> **What you will do**
Please print nothing but the lines from the one containing "项目规划了约500米的立体城" to the final line below, exactly, and no pictures.

> **Stored data**
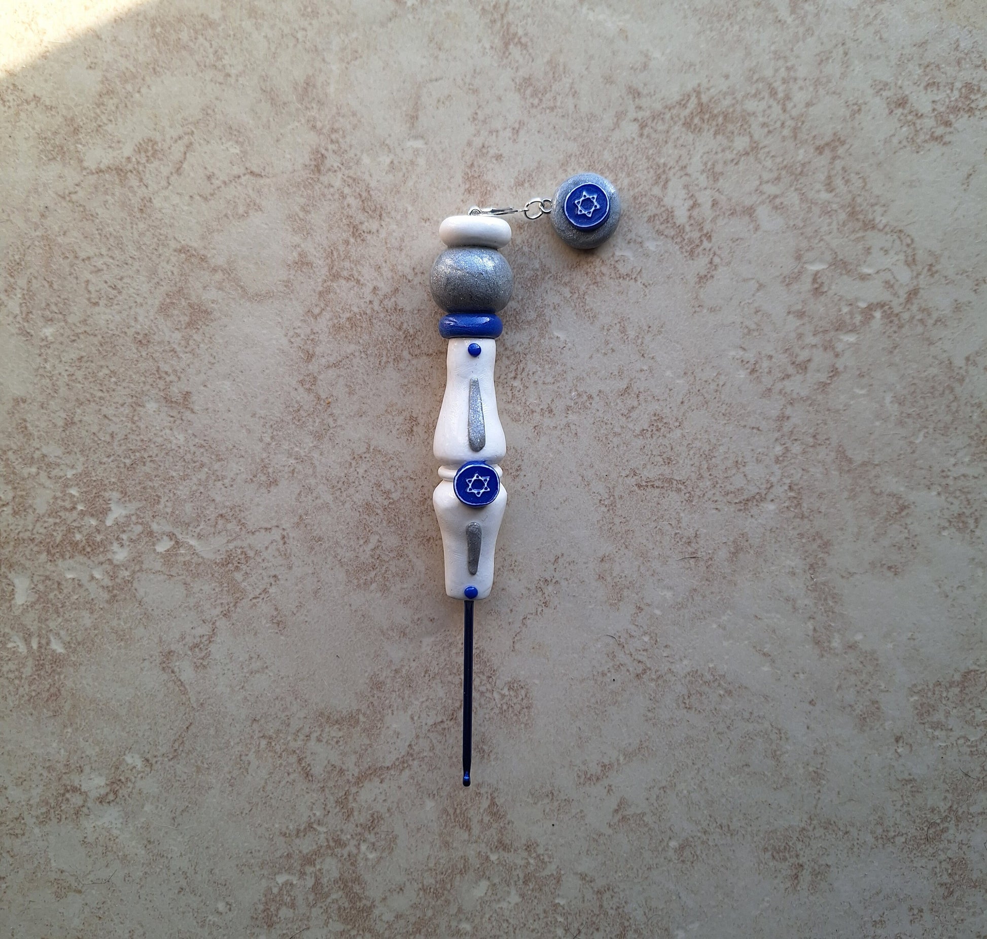**metal part may vary in color*** hand molded polymer clay crochet hooks.
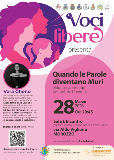 Non perderti l' appuntamento con Vera Gheno a Morozzo sabato 28 marzo alle ore 20.45 presso la Sala l'Incontro. Una serata dedicata all'abbattimento degli stereotipi per ridefinire il femminile attraverso la forza del linguaggio. Prenota il tuo posto
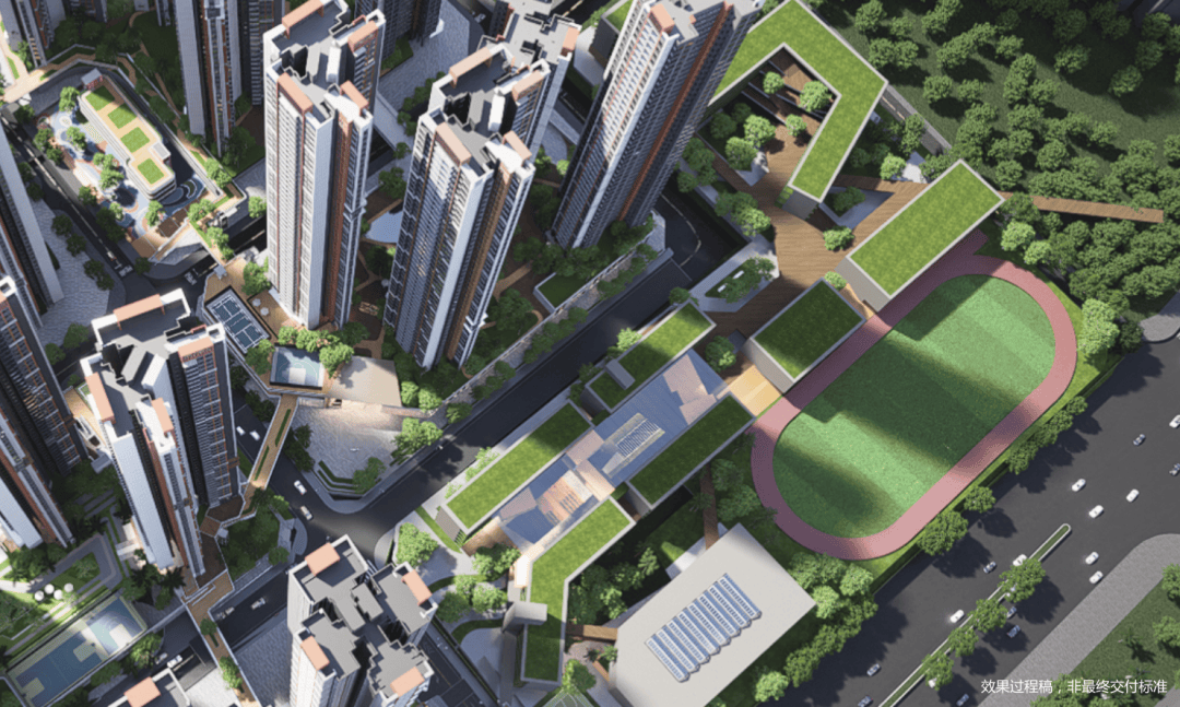 项目规划了约500米的立体城市连廊系统,串联全龄教育、精致商业、品质人居、活力运动、公园休闲等功能板块。
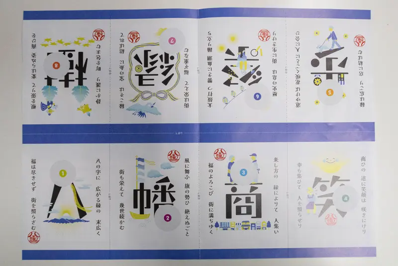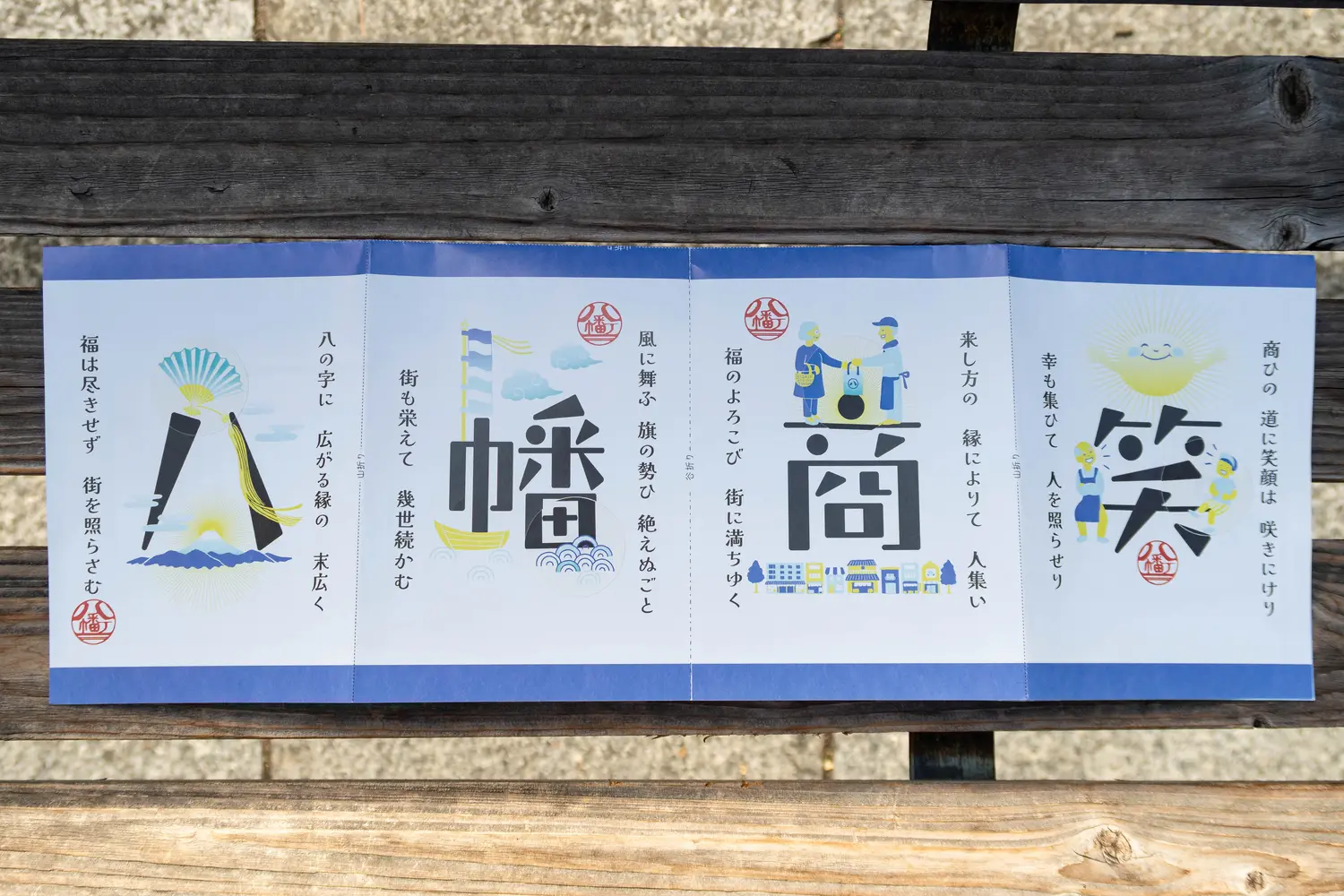 八幡商店街で『御朱印シールラリー』が開催中!期間は11/30まで、11:00〜17:00。台紙に描かれた8種の御朱印デザインに、番号と対応したシールを集めて貼るイベントです。全て揃えると先着200名に500円分の商品券を進呈!商店街を歩きながら気軽に参加できます。

> **Exercise response**
 项目规划了约500米的立体城市连廊系统,串联全龄教育、精致商业、品质人居、活力运动、公园休闲等功能板块。
 八幡商店街で『御朱印シールラリー』が開催中!期間は11/30まで、11:00〜17:00。台紙に描かれた8種の御朱印デザインに、番号と対応したシールを集めて貼るイベントです。全て揃えると先着200名に500円分の商品券を進呈!商店街を歩きながら気軽に参加できます。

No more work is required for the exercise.